**Task directions:** Repeat the data that follows exactly, starting at the line with "- Съемная рукоятка" and ending at the line with "Nama Produk: Merck", and leave out every picture.

**Exercise material:**
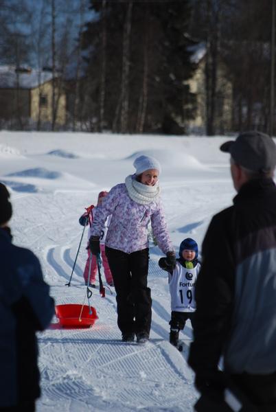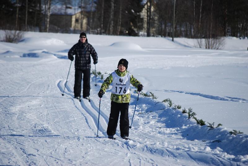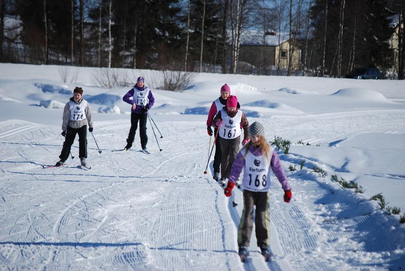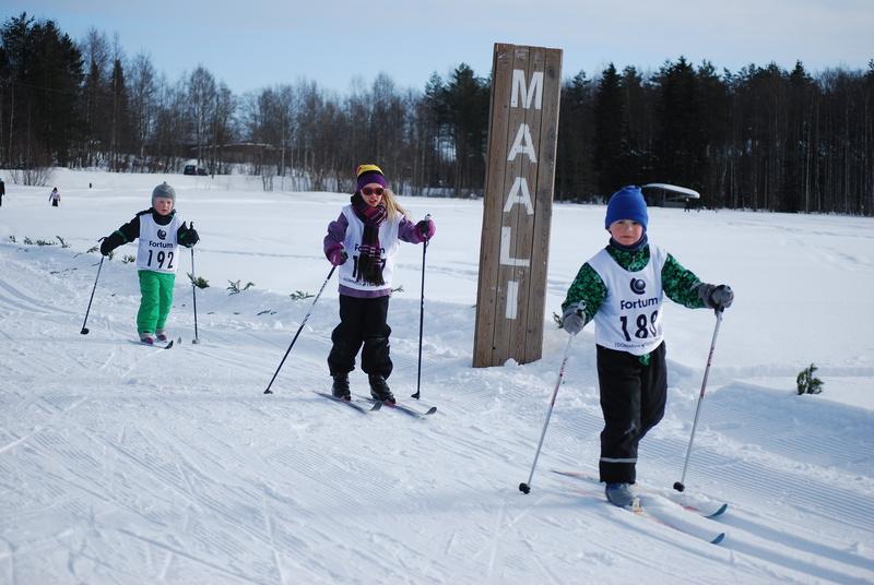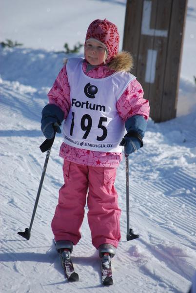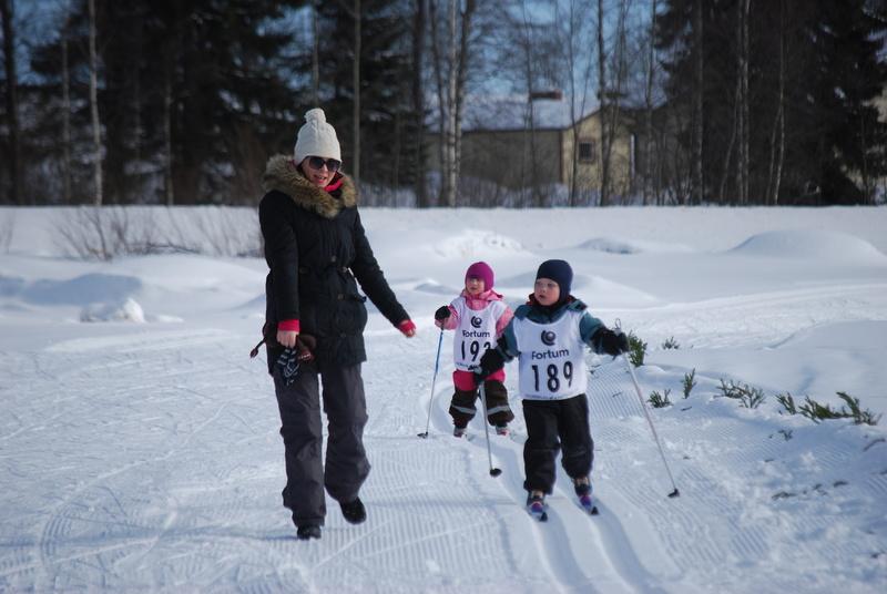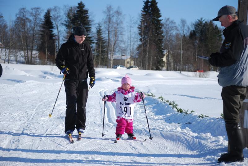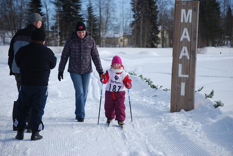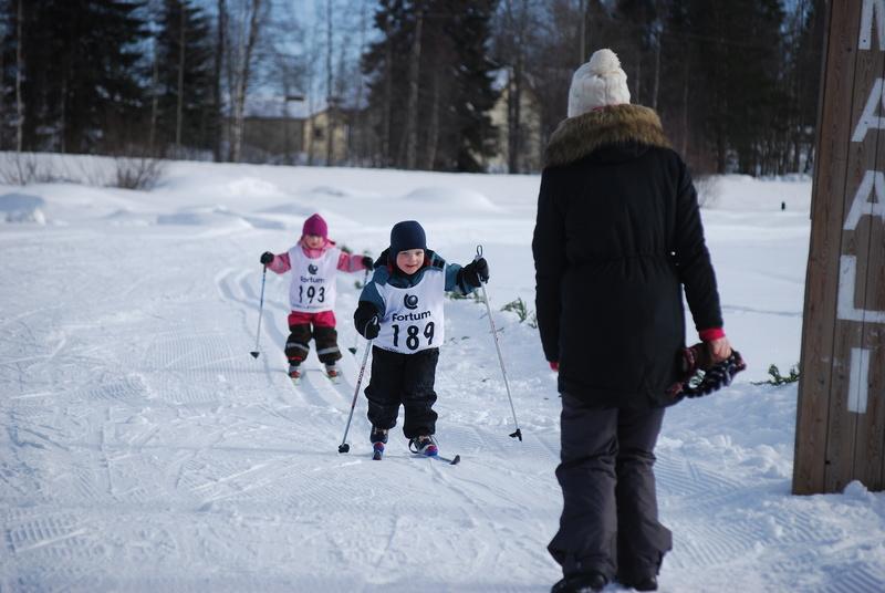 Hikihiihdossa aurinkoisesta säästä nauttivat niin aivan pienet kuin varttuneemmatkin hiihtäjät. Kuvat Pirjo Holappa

* * *

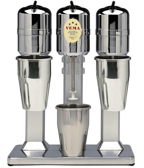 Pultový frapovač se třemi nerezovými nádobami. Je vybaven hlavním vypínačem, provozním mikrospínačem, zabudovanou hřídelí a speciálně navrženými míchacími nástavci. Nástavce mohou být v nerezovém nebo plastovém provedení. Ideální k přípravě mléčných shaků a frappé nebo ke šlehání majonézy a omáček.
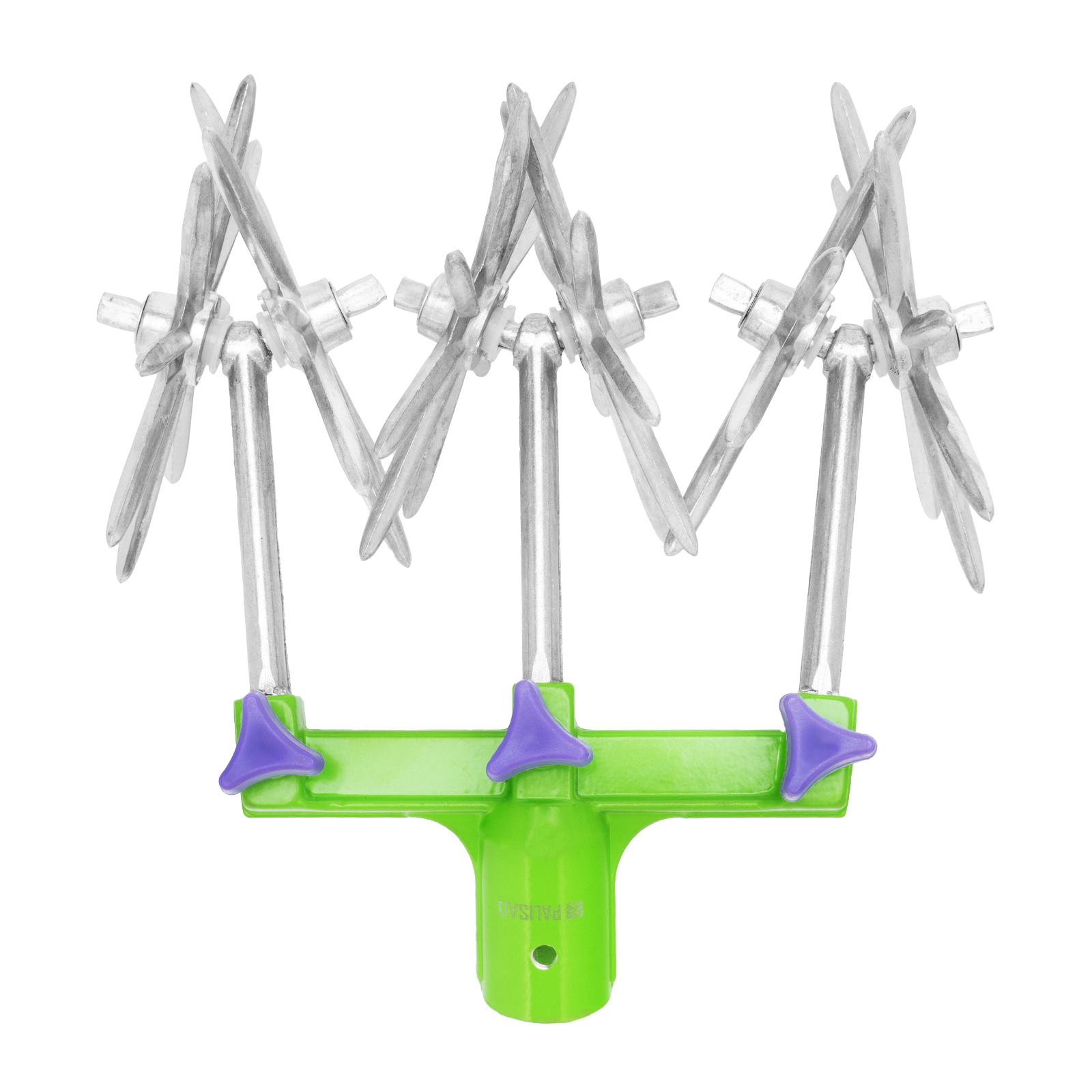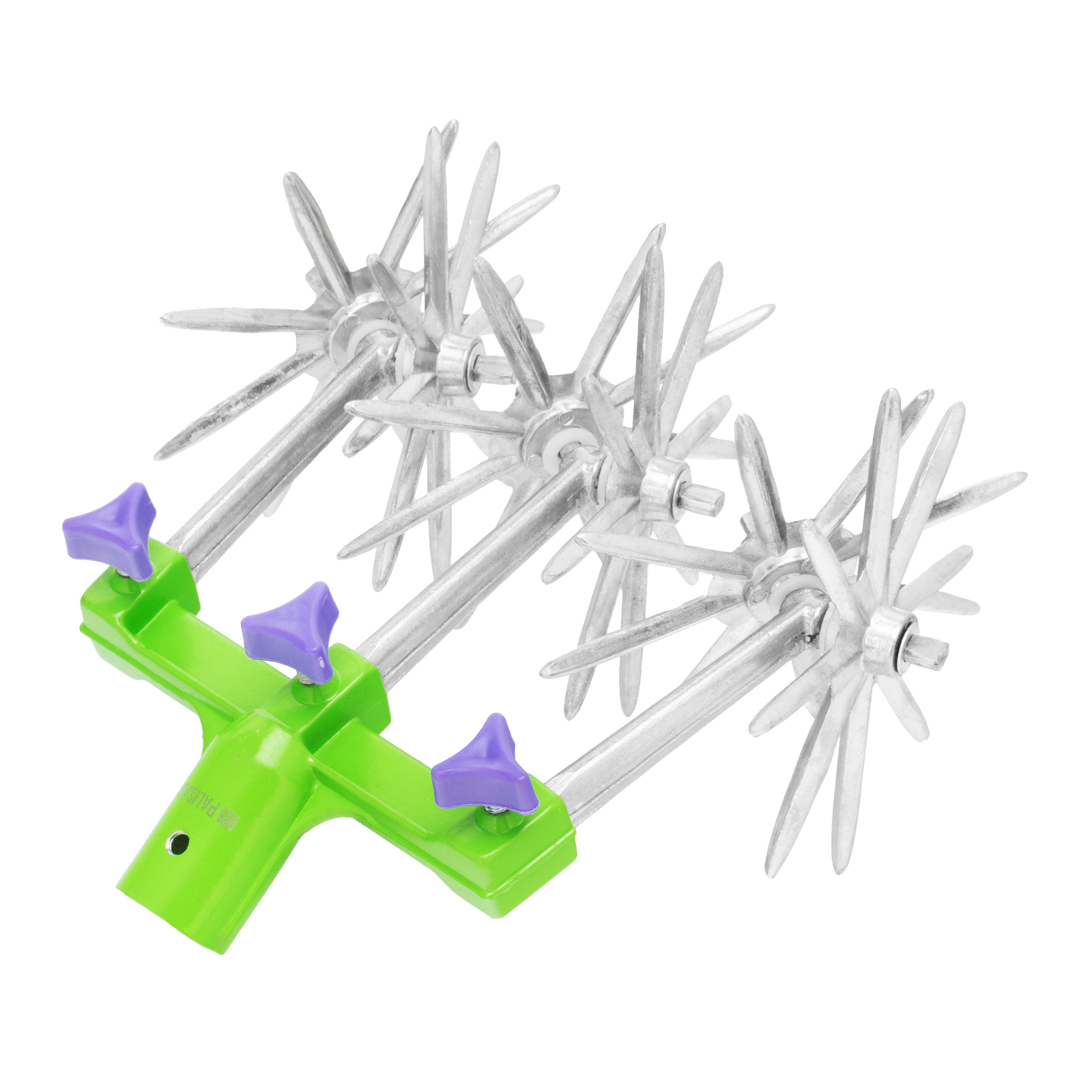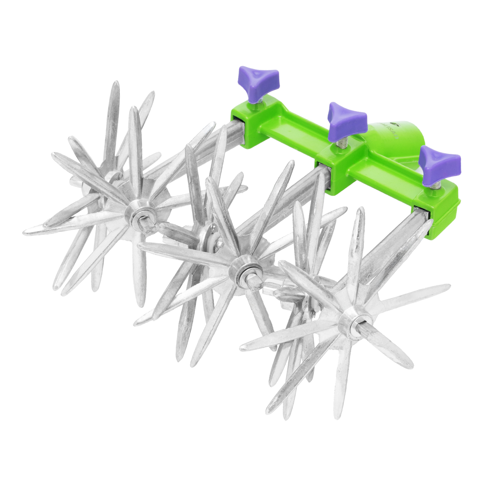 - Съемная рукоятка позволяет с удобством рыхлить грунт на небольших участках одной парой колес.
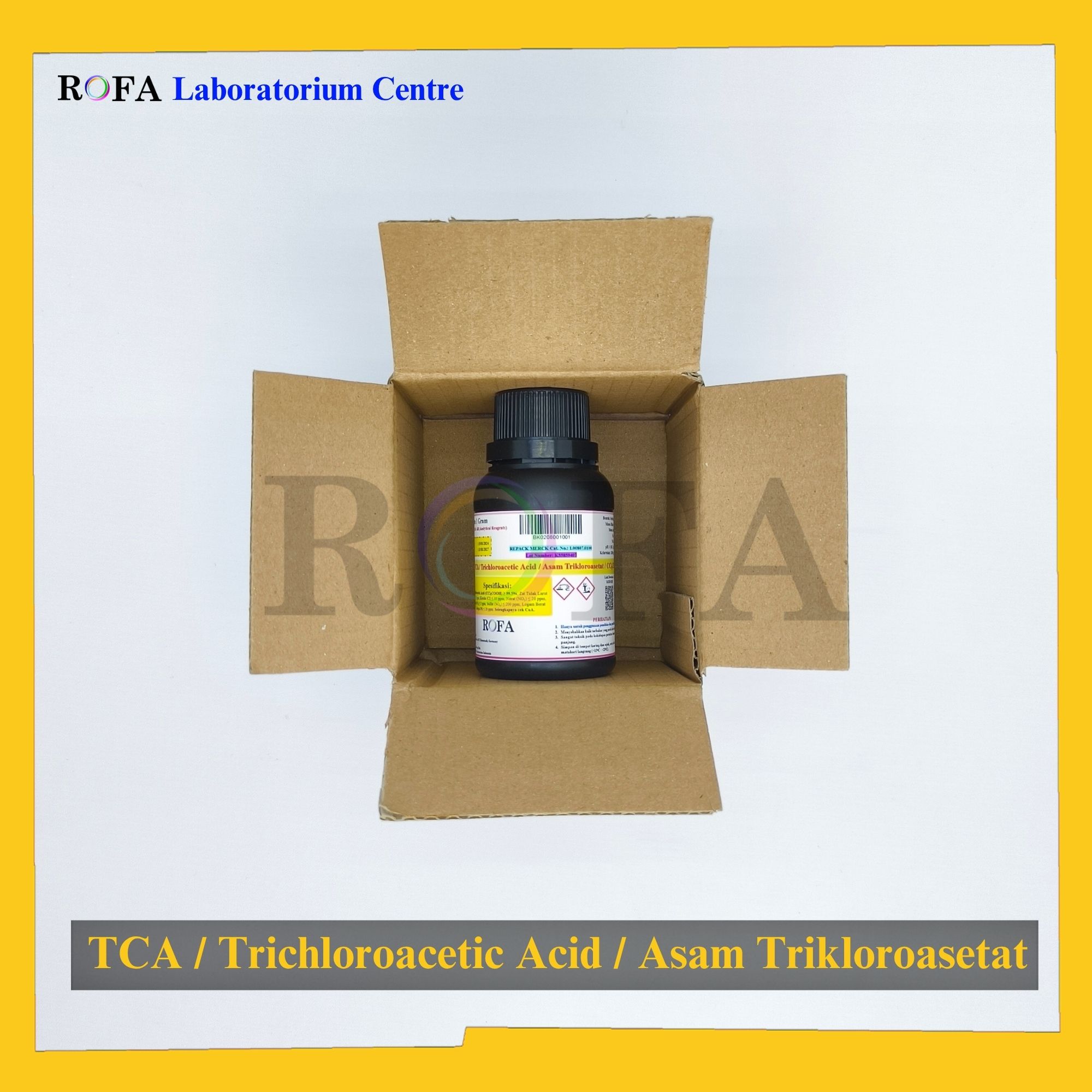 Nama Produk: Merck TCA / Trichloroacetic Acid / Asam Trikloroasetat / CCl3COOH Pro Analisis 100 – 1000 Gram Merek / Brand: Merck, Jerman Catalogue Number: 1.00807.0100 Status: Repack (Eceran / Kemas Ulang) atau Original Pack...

==

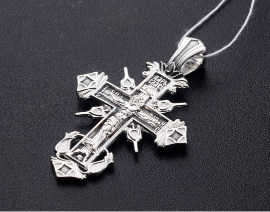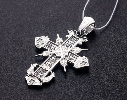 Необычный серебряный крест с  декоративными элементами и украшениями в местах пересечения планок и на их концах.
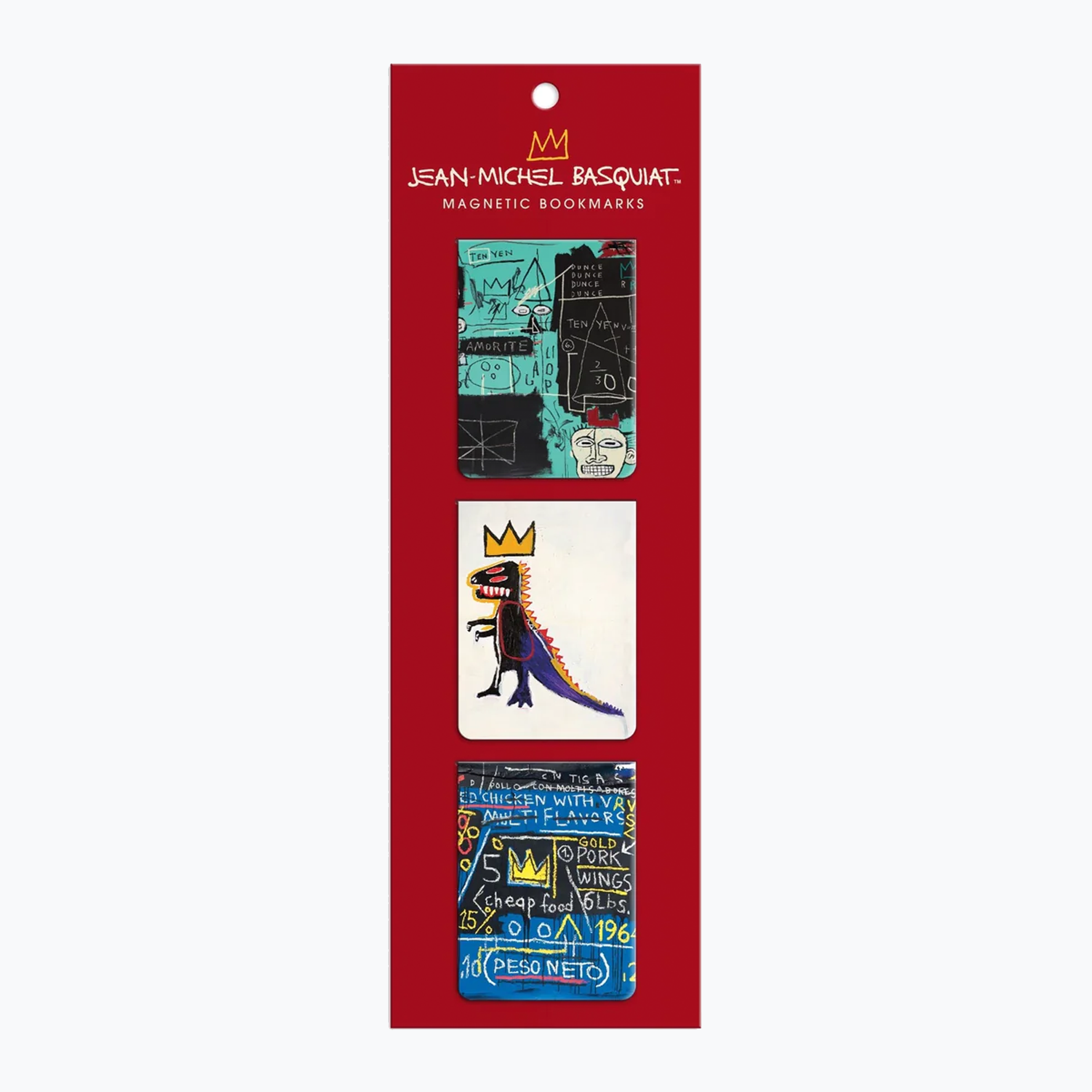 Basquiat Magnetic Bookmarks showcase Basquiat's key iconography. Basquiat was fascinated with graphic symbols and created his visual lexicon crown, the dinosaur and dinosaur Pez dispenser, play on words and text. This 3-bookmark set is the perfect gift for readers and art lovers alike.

**Written response:**
 - Съемная рукоятка позволяет с удобством рыхлить грунт на небольших участках одной парой колес.
 Nama Produk: Merck TCA / Trichloroacetic Acid / Asam Trikloroasetat / CCl3COOH Pro Analisis 100 – 1000 Gram Merek / Brand: Merck, Jerman Catalogue Number: 1.00807.0100 Status: Repack (Eceran / Kemas Ulang) atau Original Pack...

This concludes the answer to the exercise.